Play Store 3D Pinball Space Cadet Download
From the article:
If you grew up in the Windows XP era, than you probably spent hours playing its iconic free game, “3D Pinball Space Cadet.” Now, “Space Cadet” pinball has been ported to Android, and it’s completely free.
One of the many things that Windows XP will be remembered for is the pinball game that essentially everyone who ever used the operating system played at some point or another. The game has been immortalized many times, and now it’s available on Android.
Developer Kyle Sylvertre used a decompiled version of Space Cadet Pinball from k4zmu2a on GitHub to bring the game to the Google Play Store for Android users. The game is optimized for touchscreens with the left and right sides of the display acting as the triggers, and you can also tap the far right side to use the ball launcher.
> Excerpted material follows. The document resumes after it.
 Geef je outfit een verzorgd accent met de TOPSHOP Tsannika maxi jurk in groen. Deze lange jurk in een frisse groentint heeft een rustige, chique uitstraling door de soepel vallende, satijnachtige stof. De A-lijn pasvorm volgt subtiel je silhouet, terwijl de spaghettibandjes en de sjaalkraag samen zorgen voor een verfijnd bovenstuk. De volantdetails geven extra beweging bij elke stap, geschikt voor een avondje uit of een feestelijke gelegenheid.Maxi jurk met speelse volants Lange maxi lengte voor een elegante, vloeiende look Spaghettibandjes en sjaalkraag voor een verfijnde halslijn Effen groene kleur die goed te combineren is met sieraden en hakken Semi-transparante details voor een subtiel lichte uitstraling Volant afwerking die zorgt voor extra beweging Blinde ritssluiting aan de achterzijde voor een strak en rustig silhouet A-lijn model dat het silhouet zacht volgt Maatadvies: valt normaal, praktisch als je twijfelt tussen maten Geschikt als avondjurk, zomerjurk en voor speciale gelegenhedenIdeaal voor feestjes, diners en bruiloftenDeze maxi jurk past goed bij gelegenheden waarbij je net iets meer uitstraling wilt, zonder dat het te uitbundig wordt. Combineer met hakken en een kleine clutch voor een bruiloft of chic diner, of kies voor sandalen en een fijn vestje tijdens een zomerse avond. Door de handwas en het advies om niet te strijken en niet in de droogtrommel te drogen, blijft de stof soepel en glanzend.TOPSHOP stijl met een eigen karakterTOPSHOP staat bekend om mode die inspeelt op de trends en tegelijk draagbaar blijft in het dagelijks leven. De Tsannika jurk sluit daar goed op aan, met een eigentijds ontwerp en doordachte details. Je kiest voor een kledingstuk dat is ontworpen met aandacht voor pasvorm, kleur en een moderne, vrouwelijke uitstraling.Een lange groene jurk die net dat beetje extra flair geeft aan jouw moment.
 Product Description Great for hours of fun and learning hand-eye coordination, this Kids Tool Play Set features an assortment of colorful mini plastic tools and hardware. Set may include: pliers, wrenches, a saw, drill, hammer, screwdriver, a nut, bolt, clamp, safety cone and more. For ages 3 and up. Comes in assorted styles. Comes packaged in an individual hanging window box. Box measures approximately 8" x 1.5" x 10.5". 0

The game runs in portrait mode, supports 18 languages, integrates with Google Play Games for a leaderboard, and is less than 5MB in size.
And it’s all completely free too.
There are no ads or in-app purchases here, as the developer “just wanted to see it on Android with a Google Play leaderboard.” On that note, cheats are disabled to keep the integrity of that leaderboard, but the developer hints that cheats might come back with an option to turn off the leaderboard.
In any case, it’s a nice hit of nostalgia. Drop your high score in the comments below.
For Linux folks, it’s also available on FlatHub.
I’ve installed it on my steam deck and mapped the triggers to the left and right… uh… flappy things?
It works really well, and whenever people see it they’re like whoaaaaa I remember that!!
I don’t remember this game. I was pretty young back then tho
It was great to see that after all these years, and countless hours playing it, I still absolutely suck at it.
How can you do this to me?! I have a family, bro! Now nothing will get done!
Strange, I played this one a year ago on Android. I guess it was a port, but it was damn near the same thing. It’s called “Space Pinball”.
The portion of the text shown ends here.